What else was missing from the report was that the three residents of the apartment who were arrested had no criminal background, were completely cooperative with the police department on that night and are all in great academic standing at the school.

If the officers who responded to the scene that night were trying to make an example for future college parties in the area, they are making an example out of the wrong people.

For a Framingham resident to make such comparisons of FSC students to the homeless and criminals in our neighborhoods, they are making it more obvious that they themselves are the problem. Judging someone through second-hand knowledge is immature and outdated, obviously a juvenile move.

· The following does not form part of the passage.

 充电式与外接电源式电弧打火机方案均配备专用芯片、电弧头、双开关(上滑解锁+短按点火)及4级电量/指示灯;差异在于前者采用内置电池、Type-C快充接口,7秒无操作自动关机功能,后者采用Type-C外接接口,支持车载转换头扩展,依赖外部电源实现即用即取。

Before you make another misinformed judgment on people who are clearly better citizens than you, smarten up. It will help clear up the biggest problem in

Framingham.
ALICIA DEANE,
Dedham


----------



## frapmpd24 (Sep 3, 2004)

> The six arrested were: Kelly M. Knox, 20, of 47 Wesley Road, Framingham; Ryan Sullivan, 20, of Linslay Hall, Framingham; Lauren DiPietro, 20, of 22 Jordan Circle, Braintree; Christopher Kitchell, 21, of 14 Raymond St.; Benjamin Smith, 21, of 14 Raymond St.; and Brent C. Blair, 21, of 462 Savoy Road, Cheshire.
> Knox, Sullivan and DiPietro were charged with being minors in possession of alcohol, while Kitchell, Smith and Blair were charged with keeping a disorderly home. *Blair was also charged with resisting arrest.*


We know who the lawyer of the bunch was! :thumbup:


----------



## 209 (Jun 18, 2005)

*Blair was also charged with resisting arrest.*

Ill deal with this one when he comes home for winter break 

What a dummy!


----------



## chief801 (Dec 8, 2004)

dcs2244 said:


> You heard wrong, djgj200. C'mon up for the 'hoedown'...stick time a-plenty...UMASS/state/Amherst PD's...a real pain-in-the-a$$.

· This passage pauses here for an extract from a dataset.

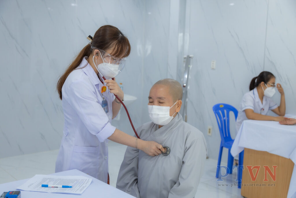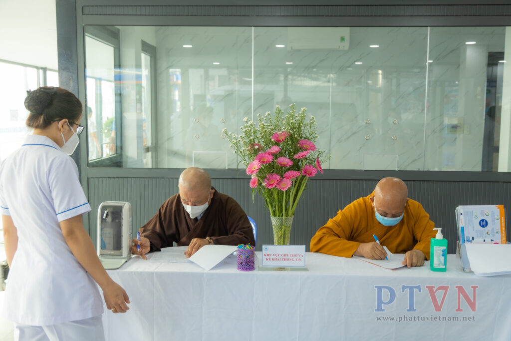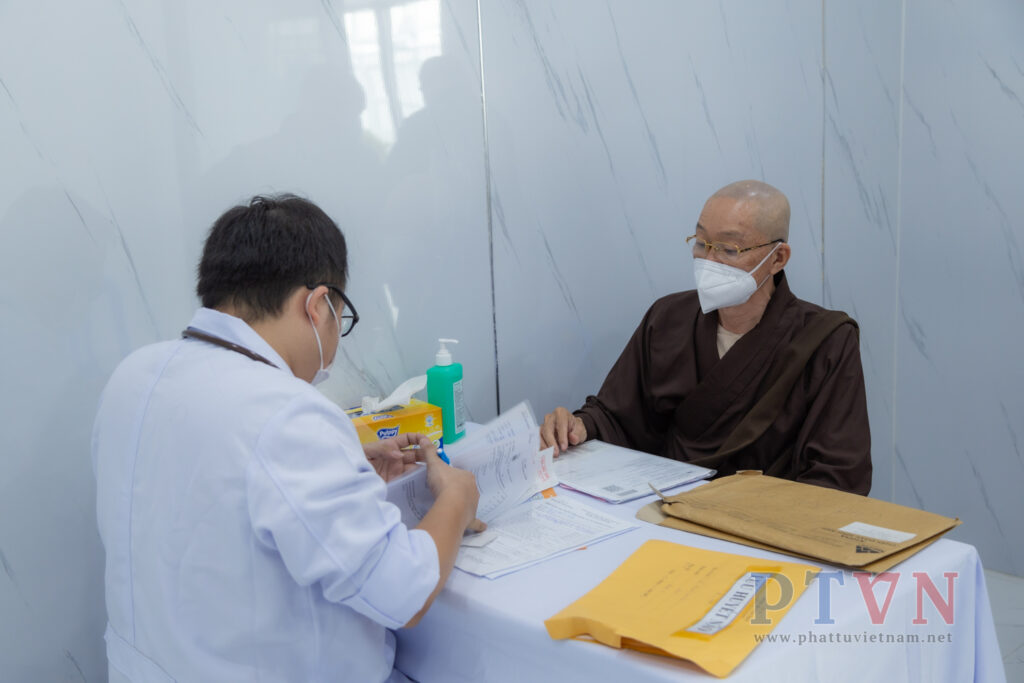 Tại đây, chư Tôn đức đã được sự hướng dẫn của y bác sĩ về việc khai báo y tế, kiểm tra sức khoẻ và một số thủ tục liên quan.

Would you be referring to the infamous "Hobart Hoedown"? Ahhhh those were the days....


----------



## fscpd907 (Jun 5, 2003)

*Letter: Police unduly criticized*
Friday, October 6, 2006

*A*s neighbors of 14 Raymond Street in Framingham, we take strong exception to the letter from Alicia Deane of Dedham regarding the Sept. 7 party at that address. What Ms. Deane failed to take into consideration are the following facts:

First, Raymond is a short, dead-end street, housing families, who, along with families and businesses on nearby streets, have suffered with these parties for more three years. During that time, the police have made 40 calls to the same apartment due to complaints about the student parties and finally declared the address a "zero tolerance" location.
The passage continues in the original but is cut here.